DATA BELOW ->
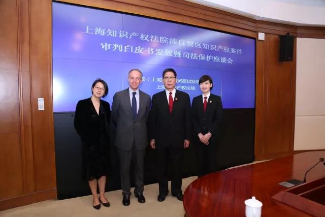 4月20日,上海知識(shí)產(chǎn)權(quán)法院與中國(guó)(上海)自由貿(mào)易試驗(yàn)區(qū)管委會(huì)聯(lián)合召開(kāi)涉自貿(mào)區(qū)知識(shí)產(chǎn)權(quán)案件審判白皮書(shū)發(fā)布暨司法保護(hù)座談會(huì)。上海市高級(jí)人民法院副院長(zhǎng)張斌、浦東新區(qū)副區(qū)長(zhǎng)王靖、上海知識(shí)產(chǎn)權(quán)法院院長(zhǎng)王秋良、浦東新區(qū)知識(shí)產(chǎn)權(quán)局局長(zhǎng)林本初出席,集佳侯玉靜律師、黃鶯律師陪同拉菲羅斯柴爾德集團(tuán)CEO Prats先生、中國(guó)市場(chǎng)部經(jīng)理宋萍經(jīng)理參加,與來(lái)自十余家知名企業(yè)的代表、權(quán)威媒體共同見(jiàn)證了白皮書(shū)的發(fā)布,并應(yīng)邀出席司法保護(hù)座談會(huì)。
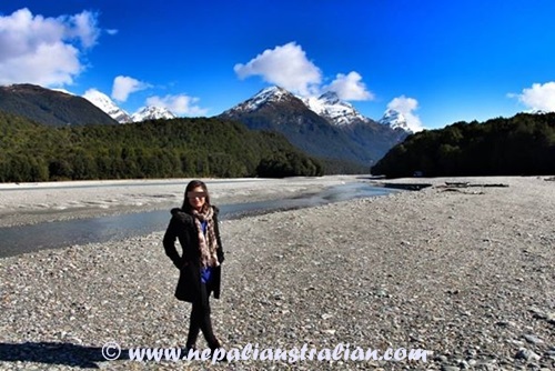 From there, we stopped at Glenorchy Lagoon Walkway and it was a beautiful remote area and we hardly saw anyone else. From time to time, we saw a jet boat but apart from that it was absolutely quite with beautiful snow-capped mountains, nice green hills and us, just spectacular.
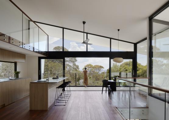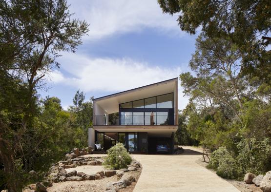 Located on a long and sloping site along the Mornington Peninsula, the McCrae Bush house is a dwelling that was inspired by the colours and textures of its unique surrounding context of native bushland.
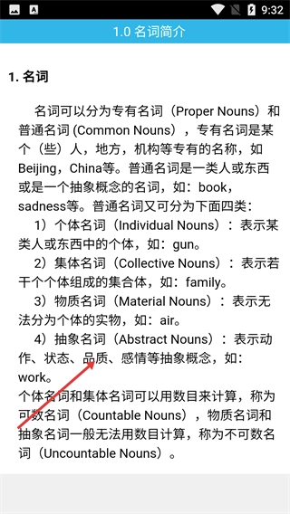 3、进入【1.0名词简介】页面,能够了解名词的分类情况:名词分为专有名词和普通名词,其中普通名词还包含个体、集体、物质、抽象这四类。

TASK STATEMENT ->
The range to set down runs from the line containing "Located on a" through the final line of the data, both ends included; give it exactly and drop the pictures.

WRITTEN SOLUTION ->
 Located on a long and sloping site along the Mornington Peninsula, the McCrae Bush house is a dwelling that was inspired by the colours and textures of its unique surrounding context of native bushland.
 3、进入【1.0名词简介】页面,能够了解名词的分类情况:名词分为专有名词和普通名词,其中普通名词还包含个体、集体、物质、抽象这四类。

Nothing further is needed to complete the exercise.